Métier d'écrire, nécessité d’écrire… Veuve à 25 ans, Christine de Pisan (ou Pizan, comme on écrivait alors suivant ses origines italiennes) fit de sa solitude et de son dénuement le point de départ d'une carrière littéraire. D’un besoin elle fit une force ; d'un goût qui lui faisait regretter, tout enfant, que son père, Thomas de Pizano, astrologue et conseiller de Charles V, ne la fît pas profiter de tout son savoir, parce qu'elle était fille, elle fit un gagne-pain, et se mit avec passion à l'étude. Rien d'étonnant qu'elle se fasse représenter, dans les livres offerts à ses protecteurs, toujours à son écritoire, recréant l'atmosphère studieuse et appliquée de l'atelier où elle copiait elle-même et préparait, aidée par quelques copistes et enlumineuses, les manuscrits de ses œuvres qu'elle offrirait aux princes et membres de la famille royale, et qui lui vaudraient en retour des gratifications en rapport avec les qualités de ses productions. C'est ainsi qu'elle put élever ses enfants et assurer sa situation. Cette italienne venue en France à quatre ans refusa de quitter le pays par la suite et n'écrivit jamais qu'en français.

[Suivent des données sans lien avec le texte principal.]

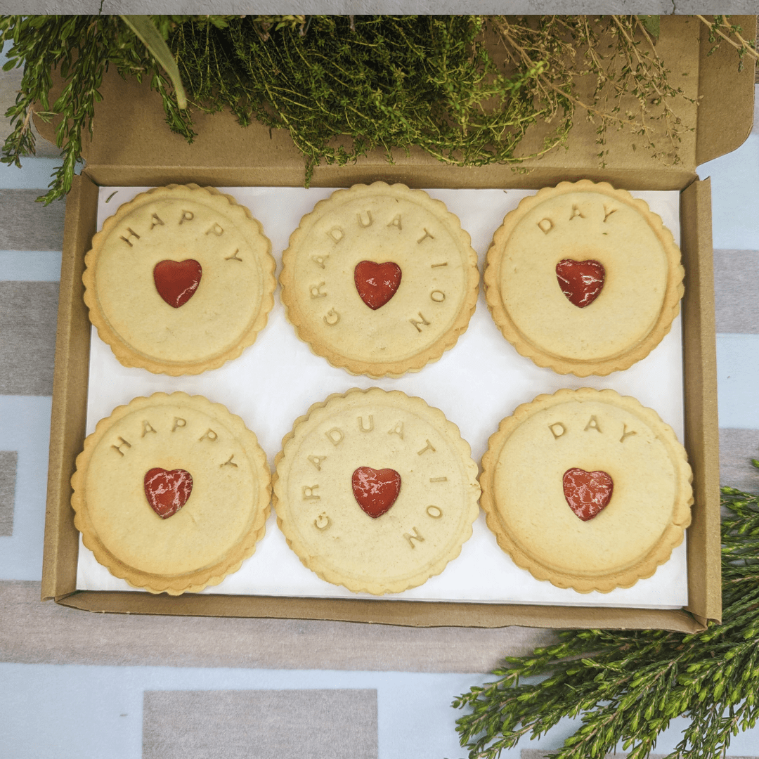 Celebrate a recent graduate with a Graduation Jam Box of celebratory jam biscuits. This beautifully presented box of 6 biscuits is designed to add a touch of sweetness to a joyous occasion.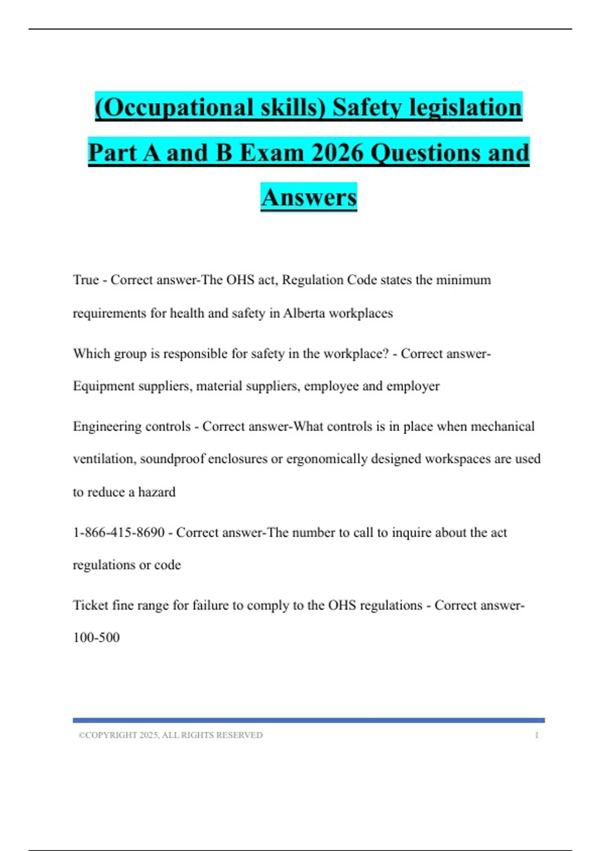 Ticket fine range for failure to comply to the OHS regulations - Correct answer-

Triste, Christine écrivit d'abord ses peines. Puis, pour satisfaire ses commanditaires, aux temps dorés du règne de Charles VI, elle rima les amours des autres. Mais avec le passage des ans, tandis que mûrissaient en elle ses lectures à la recherche du savoir, synonyme alors de sagesse, elle chercha à persuader ses lecteurs de ce qui lui tenait à cœur, par des avis politiques, des appels à la paix alors que la guerre civile menaçait, des conseils moraux, et pour cela glissa des vers à la prose. Elle fut surtout très profondément, bien qu'elle affirme que la mauvaise fortune fit d’elle un homme, en lui donnant énergie, volonté et savoir, une femme qui écrit. Elle défendit toujours l'honneur des dames, l'action civilisatrice de la femme ; elle engagea et entretint une polémique entre lettrés contre Jean de Meung et les conceptions misogynes du second Roman de la rose. Et dans sa vieillesse, lorsque, retirée au couvent, elle entendit parler de Jeanne d'Arc, son patriotisme et sa foi dans les vertus féminines en furent illuminés.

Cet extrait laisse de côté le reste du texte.